After lending 1.1 billion euros ($1.2 billion) to finance pleasure ships last year, including part of the funding for two new Royal Caribbean Cruises Ltd. vessels built in Germany, KfW IPEX is preparing to fund yet more cruise liners, earmarking a total 2.8 billion euros in new shipping loans this year. More than half of its 16 billion-euro maritime loan book is now devoted to cruise ships.

With passenger numbers rising at an annual rate of 4.5 percent, the global cruise industry is one of the few bright spots in a shipping market awash with debris after eight years of crisis in the container segment. It also offers European shipbuilders an opportunity to steal a march on Chinese competitors, who are still several years behind technologically in this corner of the market, Carsten Wiebers, the global head of KfW IPEX’s maritime industries business, said in an interview.

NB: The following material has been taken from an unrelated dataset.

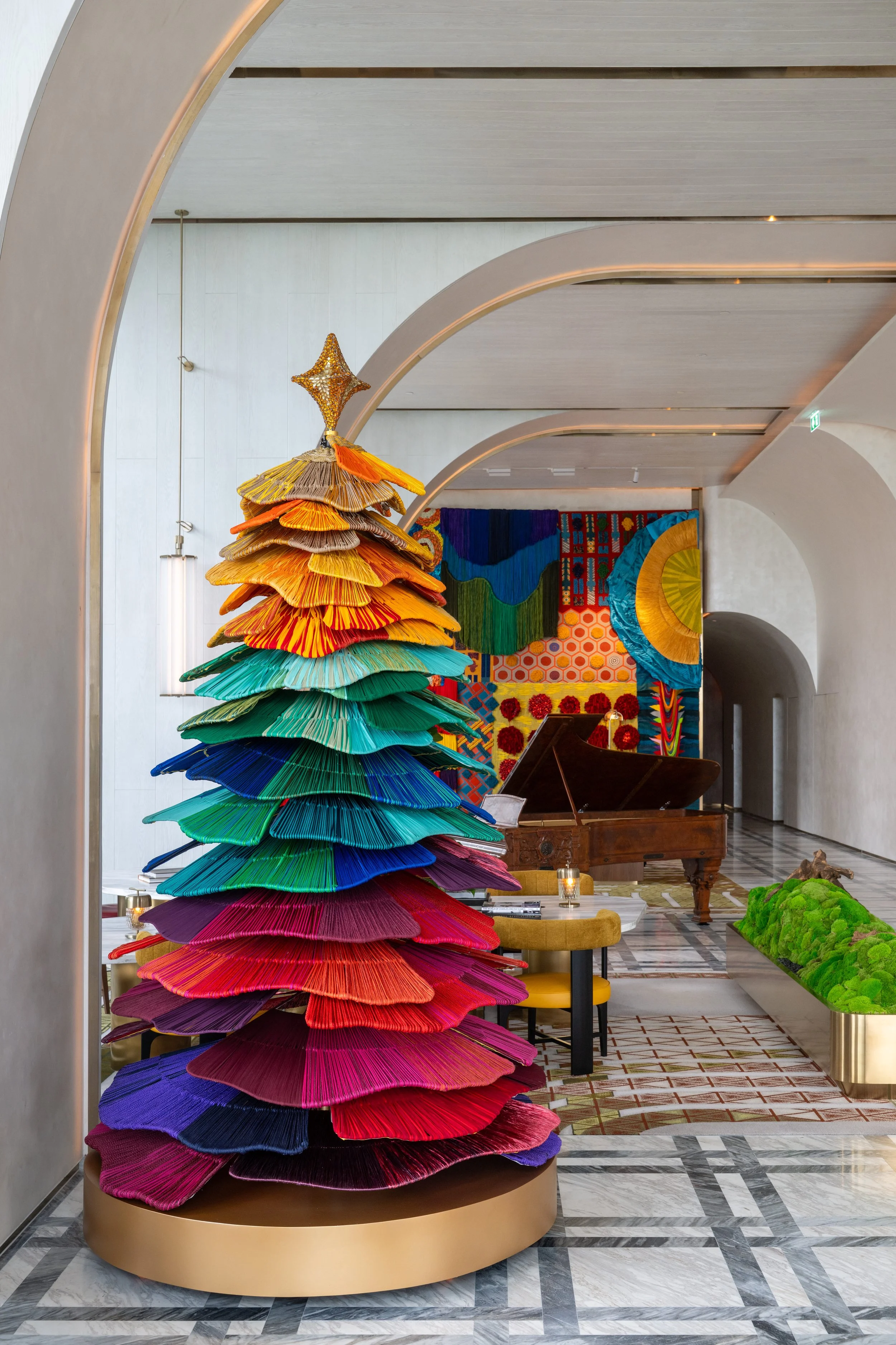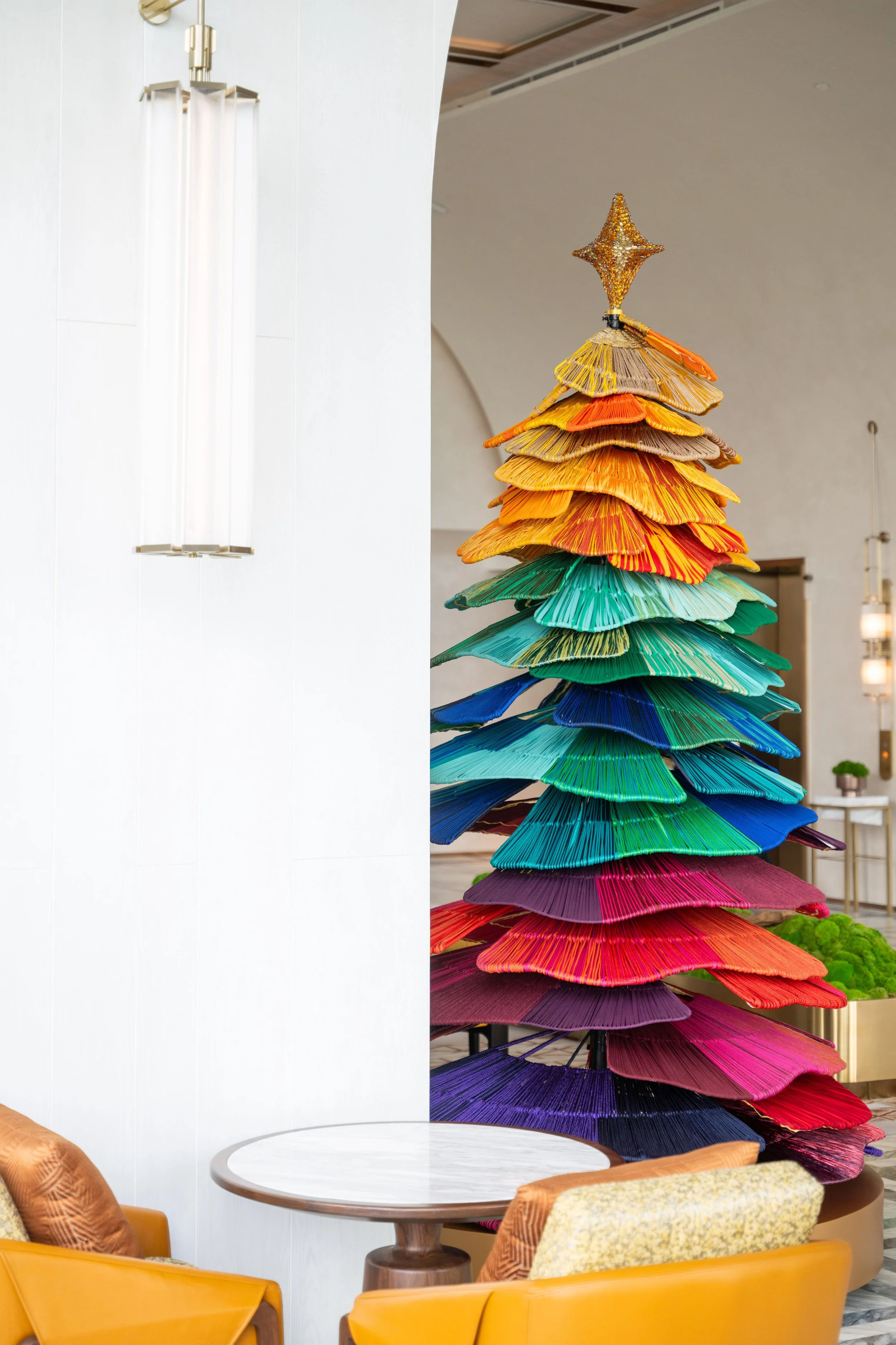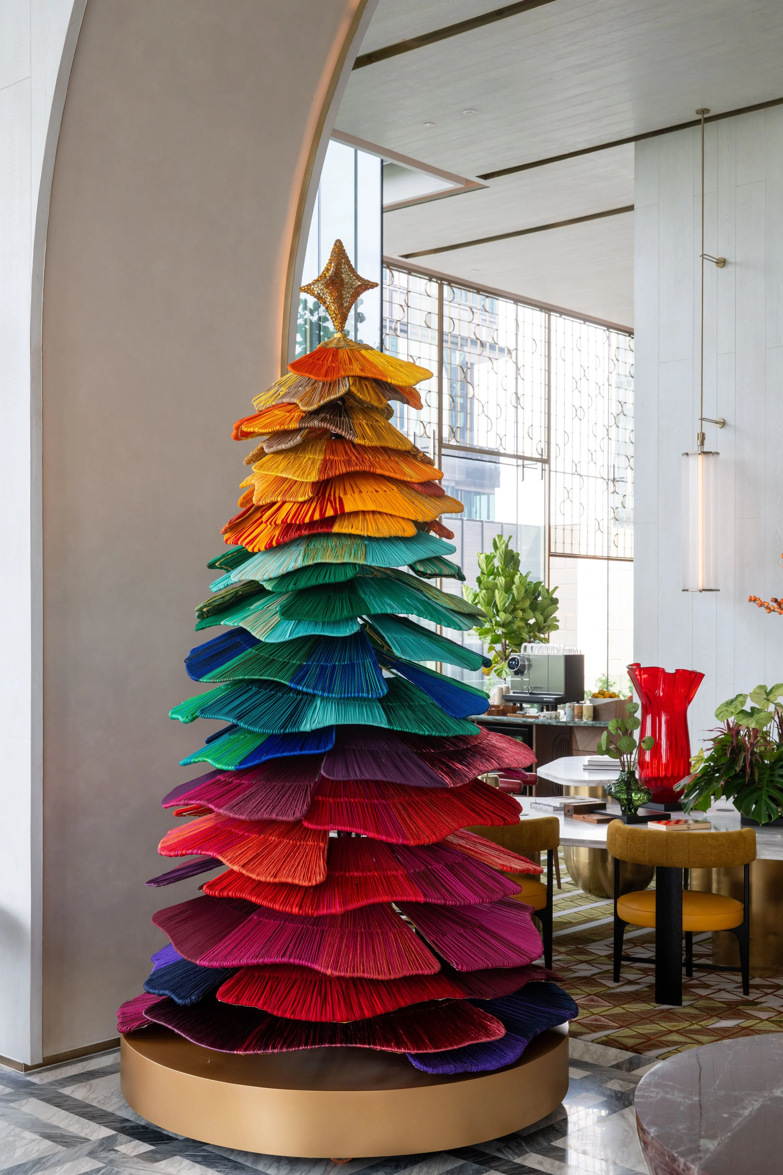 This festive installation is crafted using leftover yarns saved from many of textile artist Ploenchan Vinyaratn’s previous design projects. Layered in vibrant tiers and inspired by roi malai, the tradition of Thai garland weaving, the tree gathers these remnants into a sculptural form that celebrates abundance, gratitude ,and renewal.

“We don’t expect the Chinese to reach a standard in the next five to six years that can rival international cruise ship companies in existing markets,” said Wiebers, 53, who has led KfW’s maritime funding for 18 years. “There’s little risk that the cruise industry will see overcapacity, which is a very heavy burden for other shipping segments.”

KfW IPEX’s large exposure to the cruise industry is unique among German shipping lenders, which have traditionally focused on container ships and bulk carriers. By the end of March, Wiebers had increased the cruise share of the bank’s maritime-loan book to 51 percent from 32 percent in 2009, when the global financial crisis had sent the shipping market into a slump from which it has yet to recover.

By contrast, at Norddeutsche Landesbank, which is seeking to diversify while shrinking its 18 billion-euro shipping loan book, cruise ships and ferries have just a 1 percent-share.

At KfW, which boosted its maritime loan book by 10 percent over the past seven years, cruise ships accounted for 30 percent of new shipping loans last year. Commitments included two new liners for Miami, Florida-based Royal Caribbean, which controls about one-quarter of vessel capacity in the North American and European markets. Those contracts are for 12-year terms with a “considerable portion” syndicated with an international banking consortium, according to Frankfurt-based KfW, which declined to disclose further details.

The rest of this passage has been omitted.